4. All other cancers: defer for 2 years since end of treatment

4. Medication history that includes any of the following:

1. Current use of oral or parenteral steroids, high-dose inhaled steroids (> 800 µg/day of beclomethasone dipropionate or equivalent) or other immunosuppressive or cytotoxic drugs

2. Finasteride (Proscar, Propecia) within the last 1 month

3. Isotretinoin (Accutane) within the last 1 month

4. Acitretin (Soriatane) within the last 3 years

5. Etretinate (Tegison) at any time

6. Dutasteride (Avodart) within the last 6 months

7. Growth hormone made from human pituitary glands at any time

8. Beef insulin from the United Kingdom at any time

9. Warfarin (Coumadin) within the last 1 week

10. Antibiotics within the prior 48 hours

5. Has ever had any of the following:

1. Sexual contact with someone known to have HIV

2. Had a relative with Creutzfeldt-Jakob Disease, or been told that this disease is inherited within the family

3. Received blood transfusion in the United Kingdom

4. History of receiving money, drugs or other payment for sex

5. History of receiving clotting factor concentrates

6. History of a dura mater graft

7. History of babesiosis

8. For male donors, history of sexual contact with another male

9. Used needles to take drugs, steroids, or other medications not prescribed by a physician

10. Was born, lived in, had blood donation in or ever had sexual contact with anyone who lived in Cameroon, Central African Republic, Chad, Congo, Equatorial Guinea, Gabon, Niger, or Nigeria after 1977

11. History of living 3 or more months total (need not be consecutive) in the UK from 1980-1996

12. History of living 5 or more years total (need not be consecutive) in Europe since 1980

13. History of living 6 or more months total (need not be consecutive) on a U.S. military base in Europe from 1980-1996 (specifically from 1980 through 1990 in Belgium, the Netherlands, or Germany, and from 1980 through 1996 in Spain, Portugal, Italy, or Greece)

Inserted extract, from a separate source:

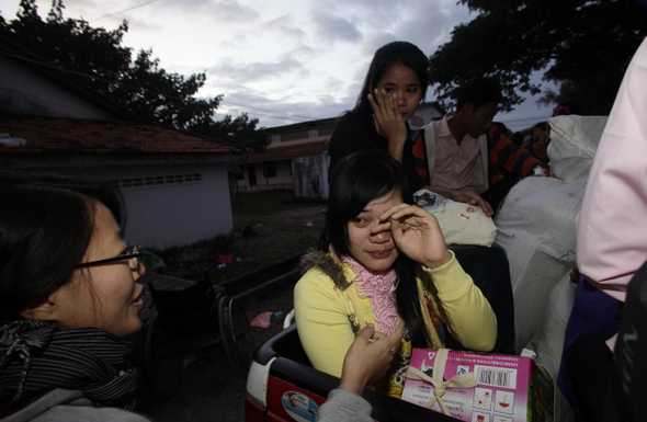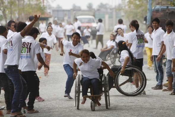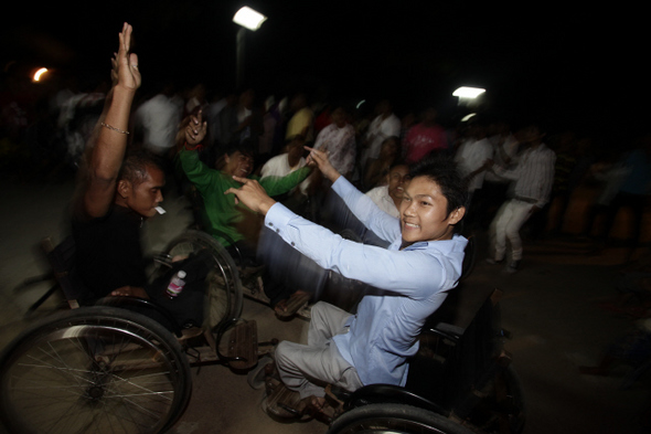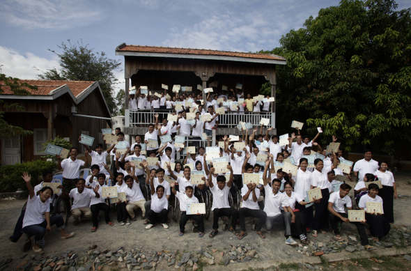 “솜 어쿤 치란, 록크루.”(정말 고마워요, 선생님.) 삼삼오오 무리를 지은 이들과 이미 트럭에 올라탄 채 마지막 인사를 나누는 이들의 인사말이 여기저기 둥둥 떠다녔다. 맞잡은 손바닥이 여러 겹으로 포개지며 서로의 체온이 섞였고, 금세 촉촉해진 눈물방울이 게으른 먼동을 부추겨 사방 사물들의 잠을 깨웠다. 350여 일. 짧지 않은 시간이었다. 이 기간에 함께한 친구들이 이별의 몸짓을 나누며 쌓인 정과 아쉬움을 주고받았다. 입학식을 치른 게 불과 며칠 전 같은데 어느새 긴 시간이 흘러 헤어져야 하는 날이 됐다. 어제까지 매일 되풀이되던 아침 인사가 오늘은 눈물 속에 치러졌다. 지난밤 늦은 시간까지 요란스레 벌어졌던 송별파티 때까지만 해도 환한 웃음이 가득했다. ‘반테아이 프리에브’(Banteay Prieb). 1991년 설립된 ‘비둘기센터’라는 뜻을 지닌 캄보디아의 장애인 재활학교가 지난해 12월 20주년 졸업식을 치렀다. 오랜 내전을 치른 캄보디아에 가톨릭예수회 구호기관인 JSC(Jesuit Service Cambodia)가 만든 이 학교는 지금까지 1500여 명의 장애인들에게 직업교육을 해왔다. 처음에는 지뢰 피해자들의 자립을 도우려는 기술교육센터로 출발했지만 지금은 신체 장애를 가진 학생들까지 범위를 넓혔고, 매년 100명 넘는 학생들이 입학해 전자수리·기계수리·재봉·농업기술 등의 1년 과정과 2년 과정의 목조각 기술을 배워 사회로 진출해왔다. 오랜 내전을 치르며 피폐해진 상황에서도 재활과 자립의 의지가 담긴 이들의 졸업식을 사진에 담았다.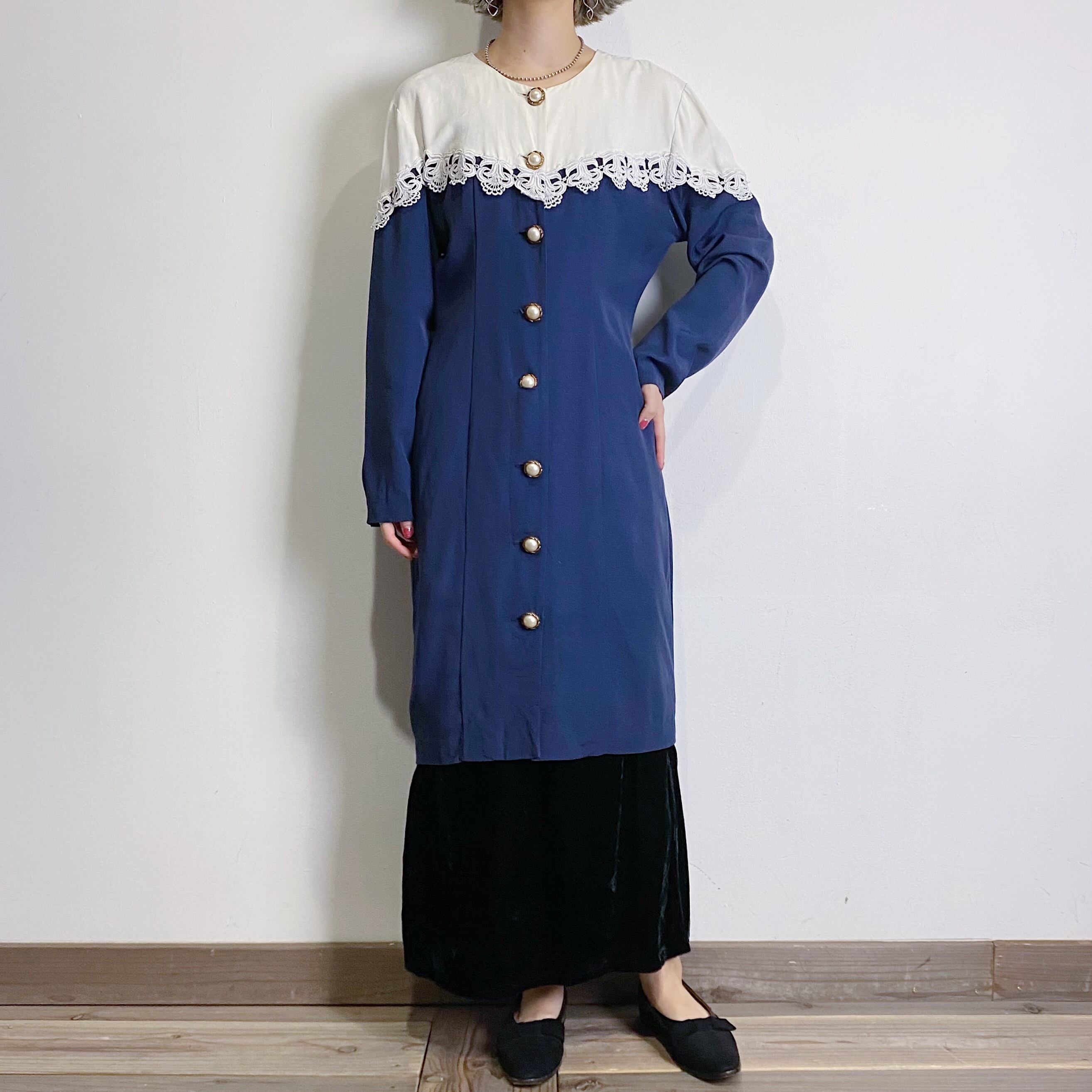 首回りのレースを境にした切り替えが可愛い80年代のワンピースです。

6. Within the 8 weeks prior to enrollment:

a. Was vaccinated with the small pox vaccine, or was in close contact with someone who was vaccinated (i.e., close family member)

7. Within the 4 months prior to enrollment has had:

a. A blood donation of a double unit of red cells

8. Within the 12 months prior to enrollment has:

1. Received any blood or blood component

2. Donated blood at a paid donation center (donations at a hospital blood establishment do not apply)

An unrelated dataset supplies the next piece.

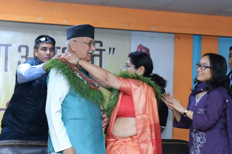 काठमाडौं, १० फागुन । नेकपा (एमाले) का अध्यक्ष तथा पूर्व प्रधानमन्त्री केपी शर्मा ओली र राधिका शाक्यले आफ्नो वैवाहिक वर्षगाँठ मनाएका छन् । चुनावी अभियानमा झापामा नै व्यस्त रहेका ओलीले आज ३८औं वर्षगाँठ मनाएका हुन् ।

3. History of tattoo application

4. History of unsafe (multiple-use equipment) acupuncture, or piercing practices

5. Received an organ transplant

6. Received a bone or skin graft

7. Lived with someone who has any type of hepatitis

8. Been incarcerated for more than 72 hours

9. Oral or inhalation use of illegal drugs (i.e., those not prescribed by a physician)

10. Had or has been treated (with or without confirmatory diagnosis) for syphilis or gonorrhea

9. Within the last 12 months has had sexual contact with (any of the following):

1. An individual having viral hepatitis

2. A prostitute or anyone else who takes money or drugs or other payment for sex

3. Anyone who has ever used needles to take drugs, steroids, or anything else not prescribed by their doctor

4. Anyone who has hemophilia or has used clotting factor concentrates

5. For females, a male who has ever had sexual contact with another male

10. Participation in medical research that includes:

1. Protocols that are currently ongoing or will start during the duration of this study that require more than 100 mL of blood to be given in any 8-week period of time

2. Administration of any unlicensed drug within the last 3 months or during the duration of this study

3. Administration of any unlicensed vaccine within the last 12 months or during the duration of this study.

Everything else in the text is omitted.